What about government employees who aren’t active Wikipedians? What should they do if they spot an error?

There are three ways non-Wikipedians can fix factual errors, Walsh said. The easiest route is to alert a volunteer editor through Wikipedia’s contact page, describe the error and include documentation to back up your claim.

That usually gets errors fixed pretty quickly, he said, but because Wikipedia’s run almost exclusively by volunteers the turnaround won’t be immediate.

“We’re not like Dell or Apple,” he said. “We can’t necessarily resolve your situation while you’re on the phone.”

Another fix, he said, is to reach out to other people in the agency who are active Wikipedians -- there almost always are some -- and rely on their expertise about how to handle it.

Finally, the error spotter can wade into the world of Wikipedia himself, Walsh said. That means creating a personal username, disclosing basic details about who you are such as “an accountant working for the Treasury Department” and reading through the Talk page and edit history of the article with an error and, possibly, related articles.

At that point, the error spotter can post a message to the Talk page noting his conflict and describing the error with documentation to back it up, Walsh said. Once that’s done, another page editor will likely make the correction for him.

So, outside of spotting errors, what can government employees do for Wikipedia?

The best thing government employees can do for Wikipedia is contribute their knowledge and talents as Wikipedians, Walsh said. That’s because government employees tend to match the profile of a good Wikipedia editor. They’re typically highly educated; they’re used to working within pretty tight regulatory boundaries; and they may have a broad slate of interests that goes well beyond their professional work.

What can the government itself do for Wikipedia?

The best thing the government can do for Wikipedia is to make its own data more available and more digestible so Wikipedians can rely on it as a primary source, Walsh said.

“Government data is an excellent, high quality source and it’s trusted more than a lot of other data because it goes through so much auditing and review,” Walsh said.

The CIA’s World Factbook, for example is among the most cited sources on Wikipedia for geographic and population data.

Government data is often difficult to use, though, either because it’s tough to find online and not regularly updated or because it’s presented in a format that’s inscrutable for most citizen editors.

The Wikimedia Foundation is also developing the project Wikidata, a repository of structured data sets, some of which can be digitally linked to content in Wikipedia articles. That way, for instance, when new Census Bureau data comes out, a single edit in Wikidata about the population of Los Angeles could automatically change that figure in hundreds of Wikipedia articles.

In addition to making basic data sets available, Walsh urged the government to put more of its non-digital holdings online, such as historical documents held by the National Archives, the Smithsonian Institution and the Library of Congress.

“The more free stuff there is the better we can bring it to the world,” he said.

Guidance from the government

Nextgov also asked the digital team at the General Services Administration about guidance for federal employees editing Wikipedia.

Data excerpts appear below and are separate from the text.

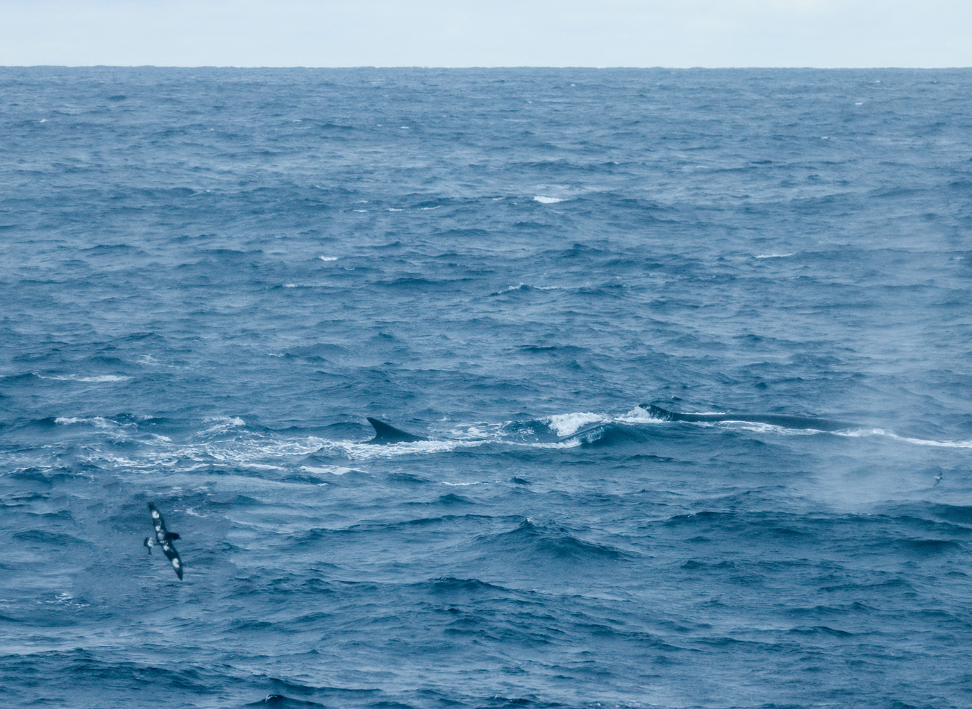 Gegen Mittag sichteten wir eine Gruppe von (mindestens) drei Finnwalen. Gesichtet hatten wir die zwar schon häufiger aber hier gelang es erstmals, sie zu fotografieren.
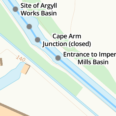 Travel to Deep Cuttings Junction, then on the Birmingham Canal Navigations (Newhall Branch) to Farmers Bridge Junction, then on the Birmingham Canal Navigations (Birmingham and Fazeley Canal - Main Line) to Minworth Services
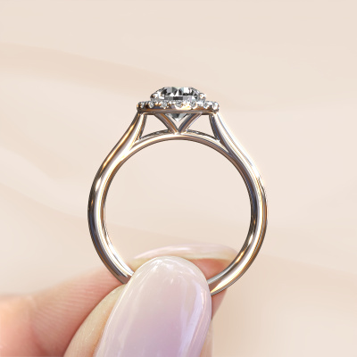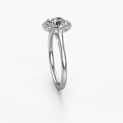 The ring shown above is called the Seline rnd 1. We call this type of ring a halo ring because it has one centre gemstone and a band that is also pave set with gemstones. The 14 Carat white gold engagement ring is set with a round 1.00 crt diamond centre stone and the band is pave set with diamonds. What makes this classic white gold halo ring special are the smaller sized stones embracing the centre stone. This gorgeous engagement ring is called a halo ring because the smaller gemstones give the centre stone a halo of surrounding light. In order for the smaller stones to enhance the centre stone, they have to be placed so there is no interference of light. And that's when our expert goldsmiths come in. Each individual stone is carefully set in the ring by hand. During manufacturing, light fall is constantly monitored to make sure the special halo is still visible. In the end you get a unique engagement ring, with a diamond of your choosing at its centre. You can imagine the effect of a ring of such significance when you give it to her on her special day to shine. By using our modern techniques, we can design and customize the finest quality jewels with the utmost care for you. Our engagement rings are always priced 30 percent lower than other jewellers. We make engagement rings to order so we don't have to maintain a large stock. If you have a certain budget, we are more than happy to advice you accordingly.Different styles of new rings are made daily by our team. Perhaps you have found a halo engagement ring somewhere. One you would like to give to your loved one. Please feel free to share your thoughts and design with our jewel designers. We would love to turn your design into a classic engagement ring. You can follow the development of your ring design because we use very detailed 3D drawings. On top of that, you can order a dummy of the design. A dummy is a plastic ring, which can be shaped according your ring design. You can try it on and check if the engagement ring is up to standard. We will gladly send you a non-binding offer, based on a fair price/ quality ratio. The offer will baffle you, considering the quality of the ring and gemstones.To make it easier for you, we offer a 30 day return policy. Check our terms and conditions.
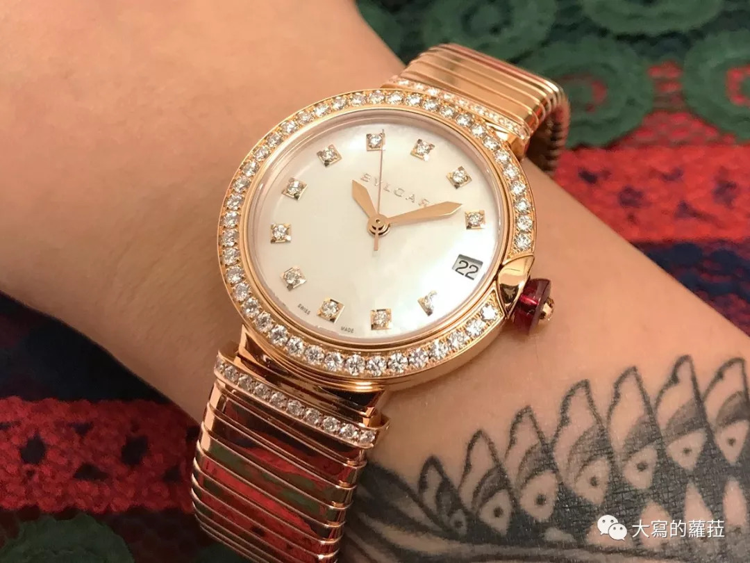 △ Lvcea系列首次引入宝格丽标志性的Tubogas表链,推出2018年全新Lvcea Tubogas光环腕表。

Here’s what they had to say:

“As a collaboratively written platform, Wikipedia operates in the same manner as many social media sites. In that regard, the same federal agency policies that employees follow for Facebook, Twitter, etc., also apply to their use of Wikipedia.

“Wikipedia has well established policies and recommendations to keep content in line with its five pillars built on the ideas of neutrality, openness, civility and flexibility.  Government users should be transparent and open in providing and editing content in line with these five pillars. 

“Wikipedia strongly discourages users and organizations from adding or editing content about themselves.  Even with the best of intentions, self-editing can be perceived negatively.  Since Wikipedia follows the encyclopedia model to have verifiable supporting sources, a best practice recommendation for federal contributors is to focus on their own agency Web content and to rely on Wikipedia’s established editing process for verification.”